One should read this to learn how novels are written. But, why Julian? Is its because .. he meets a previous desire and approval of some of Gore's ideas about religions as an esthetic? No one knows, as, writers are wizards, crypts ideas, in the molds of narrative, and so, through the symbols, prints left behind, some on purpose, and some not –and some intending misleading for the followers under the timeless secret concept of the novelists:
"Dear! This is a novel not a book of History!"
.. they enjoy the game a lot, getting much pleasure –and experience too!- from the other's interpretations, and so, if they are masters in the craft , in the art of illusion, they always .. succeed. The writer mentioned a bibliography on which he depended, to create his world, or The History According to Gore Vidal. Here, he uses so many styles to advance his meal, his vision: three narrators so as to show the case, by the opinion, and the opposite opinion, while, that space, between the real and the imagined disappears.

He criticizes the Christianity, in Lipanius reflections:

“From the beginning, the Christians tried to allay man's fear of death. Yet they have still not found a way to release that element in each of us which demands communion with the One. Our mysteries accomplish this, which is why they are the envy of the Christians and the enduring object of their spite. Now I am perfectly willing to grant that the Christian way is one way to knowing. But it is not the only way, as they declare. If it were, why would they be so eager to borrow from us? What most disturbs me is their curious hopelessness about this life, and the undue emphasis they put on the next. Of course eternity is larger than the brief span of a man's life, but to live entirely within the idea of eternity is limiting to the spirit and makes man wretched in his day-to-day existence, since his eye must always be fixed not on this lovely world but on that dark door through which he must one day pass. The Christians are almost as death-minded as the original Egyptians, and I have yet to meet one, even my old pupil and beloved friend Basil, who has ever got from his faith that sense of joy and release, of oneness with creation and delight in what has been created, that a man receives when he has gone through those days and nights at Eleusis. It is the meagreness of Christian feeling that disconcerts me, their rejection of this world in fayour of a next which is—to be tactful—not entirely certain. Finally, one must oppose them because of their intellectual arrogance, which seems to me often like madness.”

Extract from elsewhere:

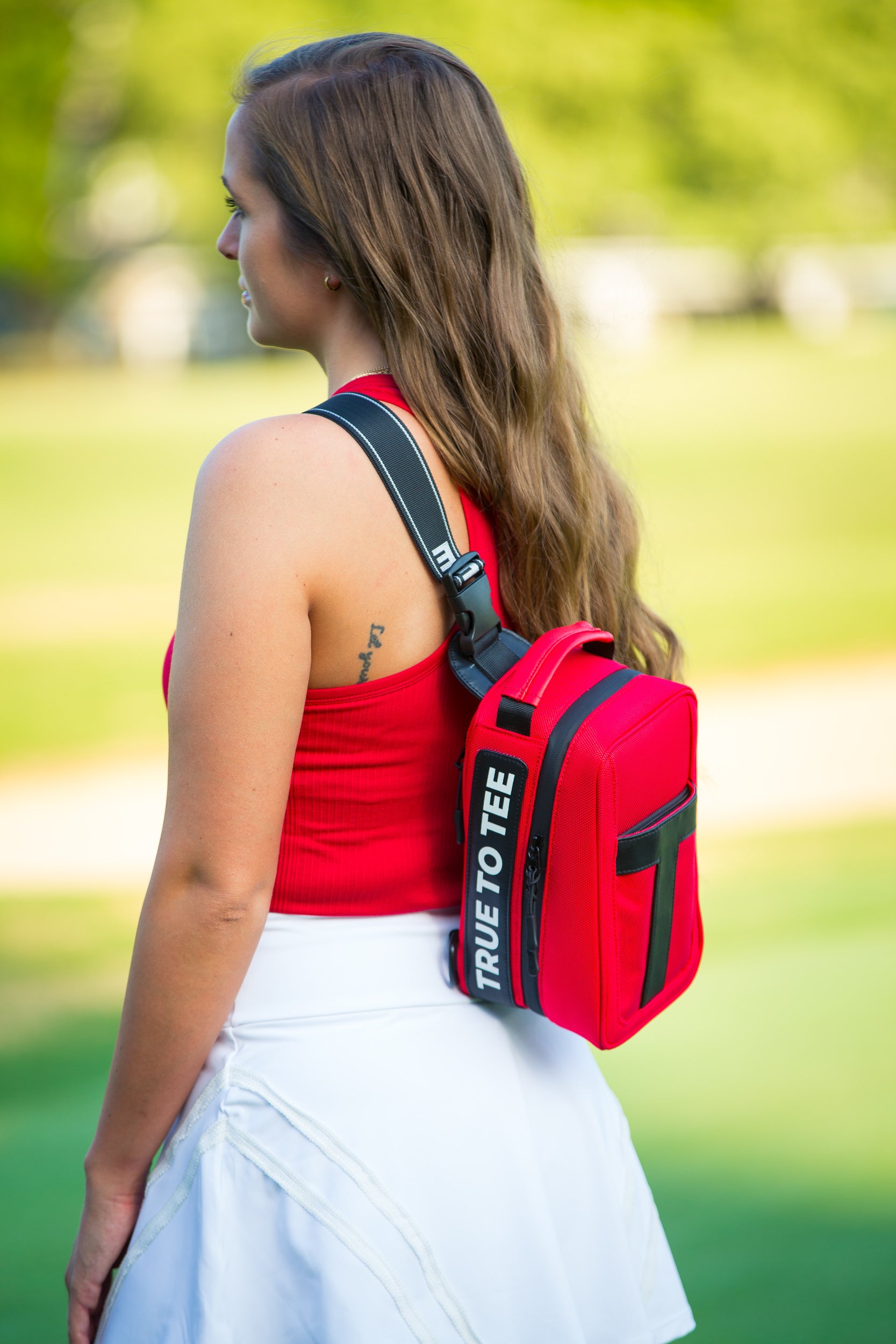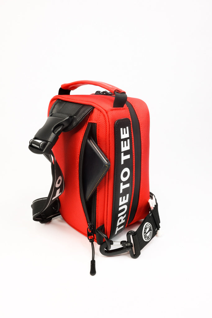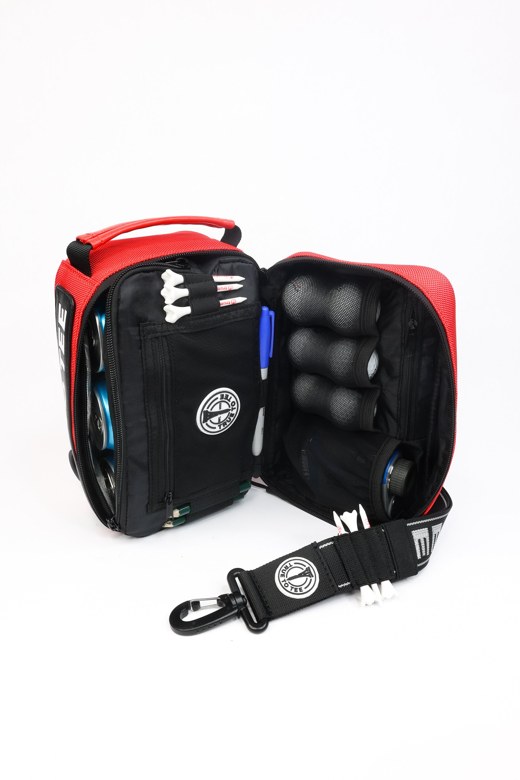 • 3 quick access slots for tees on the carry strap, and 3 more tee slots on the inside (six color matched, performance tees included)

Then, in Julian's fast replies on the bishops "using their weapons in arguing" after Christians were accused of burning the temple of Apollo:

“Fortunately, no lives were lost. The Christians suffered nothing more serious than the shutting down of the cathedral. Later a number of bishops came to Julian to complain that he was causing them great hardship, to which he replied with some humour, "But it is your duty to bear these 'persecutions' patiently. You must turn the other cheek, for that is the command of your God.”


About History:

“Traditionally the reporting of speeches in historical texts is not meant to be literal. But my version of Valentinian's comments was accurate because I kept a few notes at the time, which I am using now in making this commentary. Yet here is Julian less than a week later already altering the text. History is idle gossip about a happening whose truth is lost the instant it has taken place. I offer you this banality for what it is: the truth!”


Here, it's a whole world, wars, heroes and anti-heroes, schemes, the role of oracles and superstitions, Mentors and Godfathers, from the prisms of writings, recorded events, confessions, while the artist plays god, weaving his universe, according to his majesty.

This is a masterpiece. One "must" revise himself many times after reading this, if he wants to publish a novel.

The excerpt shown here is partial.